Finance Internal Seminar: Mads Markvart Kjær, AU and Tom Aabo, AU

Title: The hedging ability of the US dollar and currency risk premia (Mads Markvart Kjær), Title: Only attractive women are welcome: Board bias and CEO selection (Tom Aabo)

Info about event

Time

Thursday 28 November 2024,  at 12:15 - 13:15

Location

Fuglesangs Allé 4, 8210 Aarhus V, Building 2630, Room 101

Organizer

Stefan Hirth and Anders Merrild Posselt

Presenter: Mads Markvart Kjær, AU

Title: The hedging ability of the US dollar and currency risk premia

Abstract: We document that the US dollar's ability to hedge international stock risk is time-varying and contains significant information about currency risk premia. This predictability increases with the currency's stock beta and determines whether the risk price of international stock exposure is positive or negative: it is positive after months with a positive correlation between international stocks and the dollar, and negative after months with a negative correlation.
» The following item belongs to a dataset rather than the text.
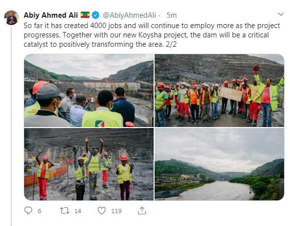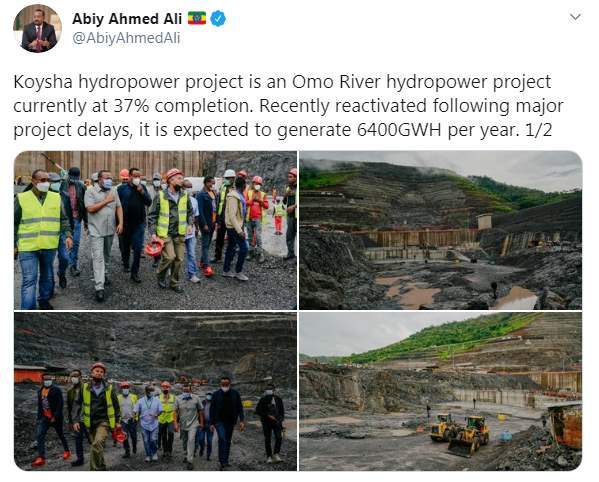وكتب رئيس الوزراء الأثيوبي أبي أحمد تغريدة على تويتر: "مشروع كويشا للطاقة الكهرومائية هو مشروع للطاقة الكهرومائية في نهر أومو وقد اكتمل حاليًا بنسبة 37٪.

These findings explain why previous literature has found currency risk premia to be unrelated to stock markets.

Presenter: Tom Aabo, AU

Title: Only attractive women are welcome: Board bias and CEO selection

Abstract: CEOs matter and beauty matters. Based on social identity theory, we argue that women and men are likely to be held to different beauty standards by male-dominated boards of directors when these boards select candidates for the CEO position. Our empirical results support our arguments. Specifically, we investigate 959 CEO turnovers in non-financial S&P 1500 firms in the period from 2008 to 2022. In line with our expectations, we find that newly appointed female CEOs are significantly more attractive than their male peers. We find no indication for an economic rationale for such particular preference for beauty in the case of female candidates. Thus, when investors are informed of the new CEO, they value CEO beauty equally across the two genders. The discrimination by the boards of directors seems to be related to women’s minority status rather than the sexualization of women although we cannot rule out that both coincide. Thus, we find that non-white candidates for the CEO position (i.e., another minority) are also discriminated against in the realm of beauty. Our findings are robust and economically significant, and they are important in understanding the avenues through which women face (beauty) discrimination in the upper echelons.